Marketers and retailers are finding that in order to reach the younger demographic these days, advertising has to be contextually-based and subtle; basically mixed in with forms of entertainment that young people will view. Procter & Gamble's web initiative follows those of brands and companies such as American Eagle Outfitters, Unilever, and I Can't Believe It's Not Butter!
For all you fans of CBS's Ghost Whisperer, you may be interested to know that the show is holding a YouTube contest where you could win the opportunity to star in a video with Jennifer Love Hewitt and the rest of the cast of Ghost Whisperer. For contest details, take a look at Jay Mohr's video above. Also check out the shows MySpace page and this page here to get you started with your contest video. Meet you in the underground!

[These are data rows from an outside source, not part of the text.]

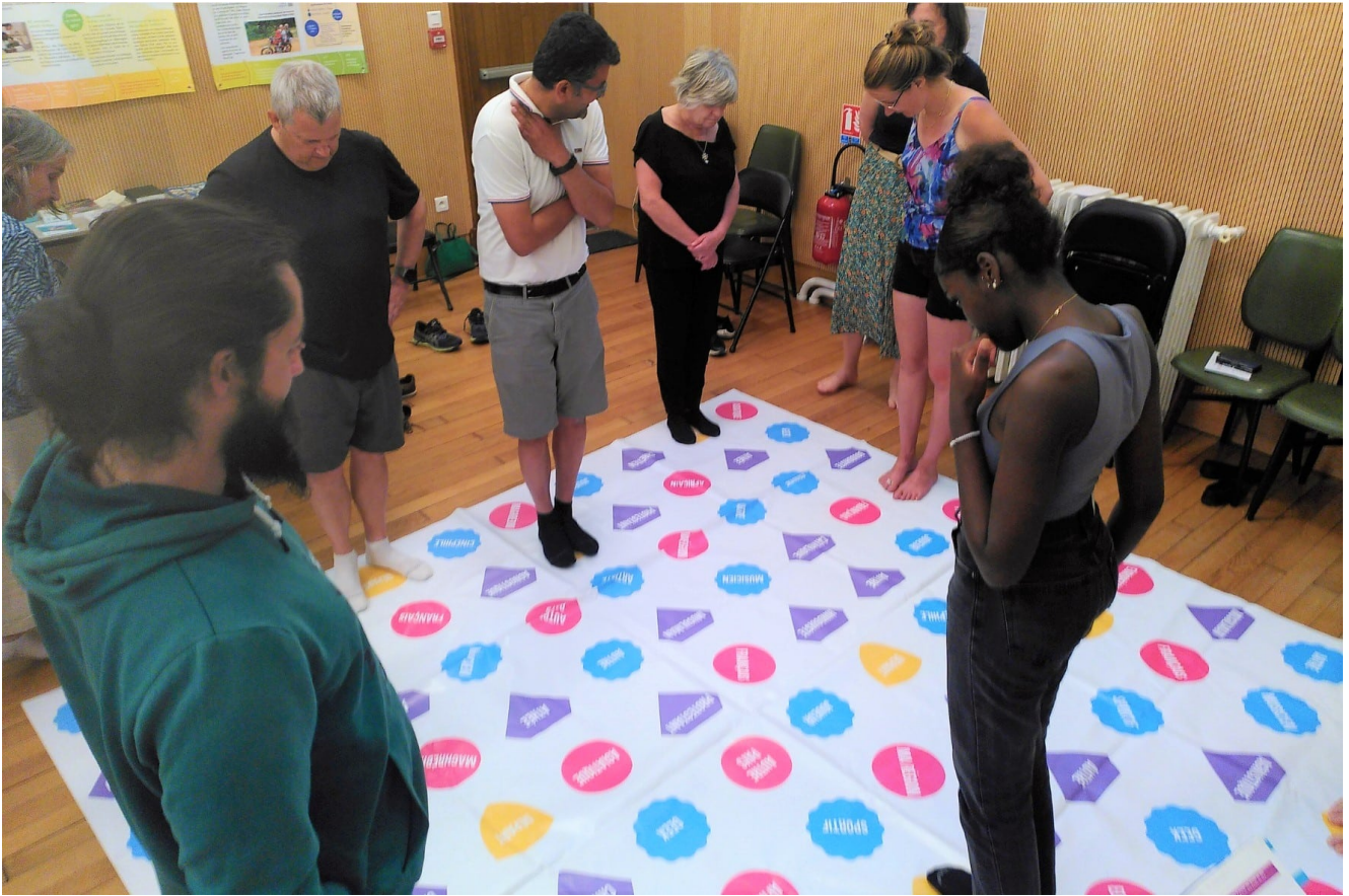
Les futurs animateurs pendant la session de formation au Défap
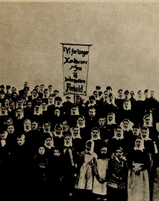
...tære kvinnebevegelsen vokste fram som en del

Oljemeldinga lover mellom 30- og 40tusen nye arbeidsplasser for kvinner. Men dette er bare ca. 6% av alle hjemmевærende kvinner, og bare en dråpe i havet i forhold til alle som ønsker jobb. Dessuten, og det er viktig å merke seg, forbereder den oss på rasering av 1/5 av arbeidsplassene i såkalte »konkurransesatte næringer». Dvs. i sko, bekledning, tekstil, nærings- og nytteindustrien. Det blir angivelig billigere å importere slike produkter. Det er i disse næringene de kvinnelige arbeidsplassene er konsentrert, og de ligger ofte i utkantstrøk. Kvinnene i utkanten vil kanskje få oppleve at det blir enda verre enn før å få jobb når »oljeeventyret» begynner. I alle fall vil parolen »rett til arbeid», være like aktuell som i dag. Se på oljebyen Stavanger: Der averteres stadig etter mannlig arbeidskraft, mens kvinnene står i kø for å få jobb. Jeg vil presisere at dette ikke betyr at kvin-
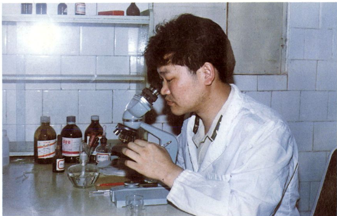
刑侦技术人员在化验分析。
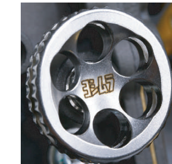
アイドルアジャストスクリュー
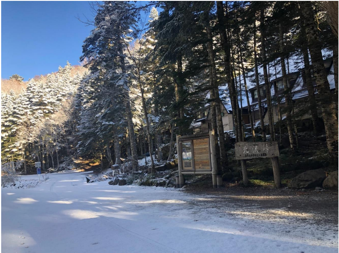
北沢峠付近の状況

Look for an upcoming episode of CSI: New York to be played out in the popular online world Second Life. CSI creator Anthony Zuiker announced yesterday at the Virtual Worlds Conference and Expo that the two-part episode airing October 24 and February 6 will have Mac, played by Gary Sinise, pursue a killer's avatar through Second Life.
The hit TV show also plans to develop an online virtual CSI: NY within Second Life where viewers will be able to find games for CSI beginners and content for more advanced viewers such as "Murder By Zuiker", a blog game where you try to solve a crime by analyzing evidence found within Second Life. Zuiker evaluates the entries himself.
The Second Life integration is part of an acknowledgment on Zuiker's part that the future of television will be played out largely online.